One reason we don’t notice when a magician scratches his nose but slyly palms a coin that was hidden in his mouth at the same time is that we KNOW what it feels like to scratch our nose. When he is performing that action, if we notice at all, our mirror neurons are lighting up as if duplicating that action ourselves. Magicians exploit this phenomenon with “decoy actions” – appearing to take a drink, for example, but really passing an item from mouth to hand in the process. Our brains aid the deception by playing along with the decoy activity.

Even though marketers aren’t normally trying to disguise sneaky actions, there is a lesson here. When people see someone performing a familiar action, either in person or by video, their brains will engage as their mirror neurons kick in. Selling soft drinks? Let people experience opening the bottle, raising it to their lips, and taking a drink. Magicians know how familiar physical actions engage our brain, and you should too.

6. Cut the Chatter

If you’ve ever been to a magic show, either on a stage or close-up, you know that the magician often keeps talking. Good magicians will talk about what they are doing, why it is difficult, and so on, while their hands are busy with the trick. Their purpose, of course, is not to give you real information about their technique but rather to distract you. In essence, the magician’s patter is another stream of information for your brain to process, and the overload makes it less likely that you will spot what is really happening.
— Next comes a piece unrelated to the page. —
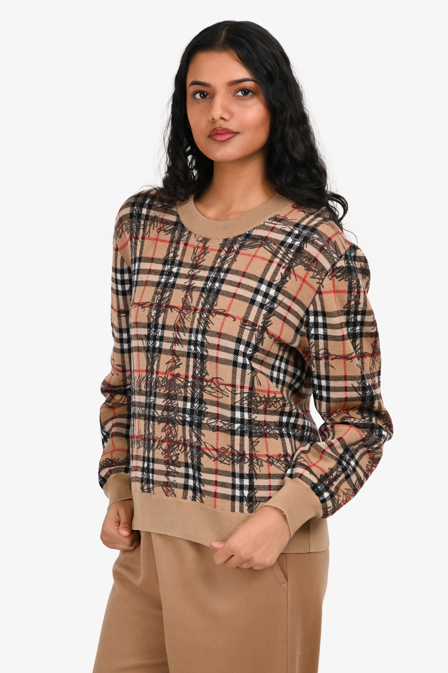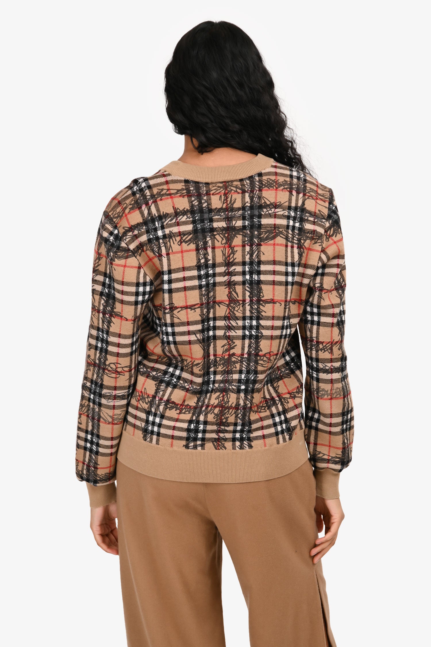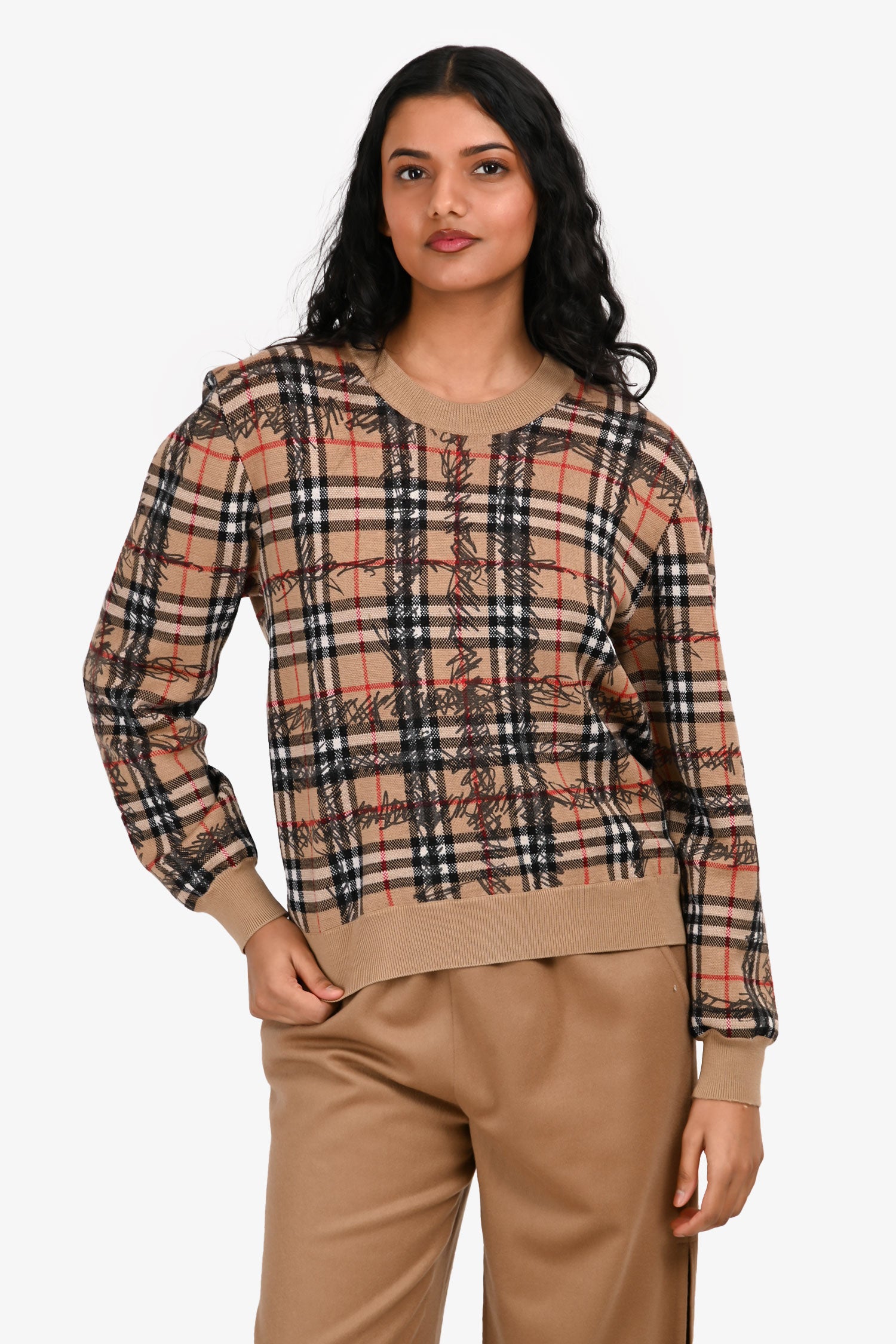 Refresh availabilityBurberry Beige Nova Check Scribble Sweater. Round neckline. Ribbed neckline, cuffs and hem. Tonal stitching.

While a stream of chatter serves the magician’s purposes, excessive verbiage may distract your customers from your selling points. Have you ever had a salesperson who wouldn’t shut up while you were examining a product? It’s hard to look at, say, a car’s control panel while a salesperson is spouting a stream of inane babble. Salespeople should be trained not just what to say, but when to say it. And when not to. And in other media, like commercials, be aware that the voiceover shouldn’t conflict with important information on the screen.
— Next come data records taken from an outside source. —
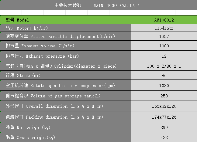 Product name:11KW 12bar AW100012 piston air compressor
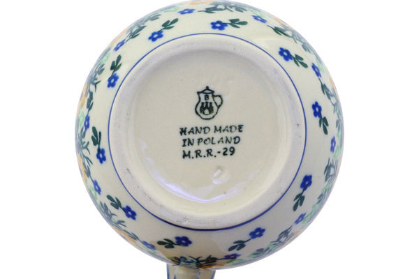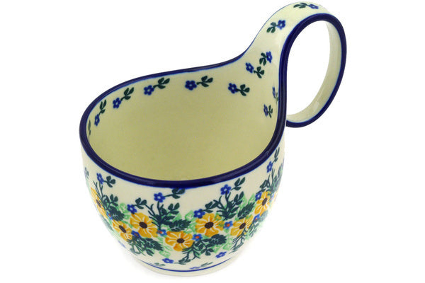 This Yellow Flower Wreath 16 oz Bowl with Loop-Handle was handmade and hand decorated in Boleslawiec, Poland by skilled artisans according to old traditional methods. This Polish stoneware is microwave, dishwasher, freezer, and oven safe up to 480°F. It does not contain lead or cadmium. It is part of the Yellow Flower Wreath Collection.
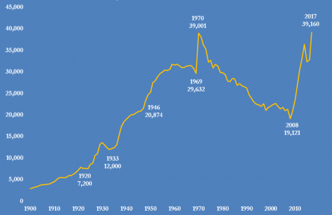 Рис. 1 Нефтяные резервы в США (1900 — 2017 годы), млн. баррелей

Death by Bullets. Even Powerpoint jockeys can learn from magicians’ patter – lengthy text bullets in a presentation are a perfect example of distraction. Trying to read the text while the speaker is making the same point verbally causes low comprehension and recall because the brain is too distracted to do a good job with either task.

Magic has likely been around in some form at least as long as marketing, and we marketers would do well to learn from its practitioners! (Note – some of the content in this post is based on information from Sleights of Mind: What the Neuroscience of Magic Reveals about Our Everyday Deceptions, by Stephen L. Macknik. Susana Martinez-Conde, and Sandra Blakeslee.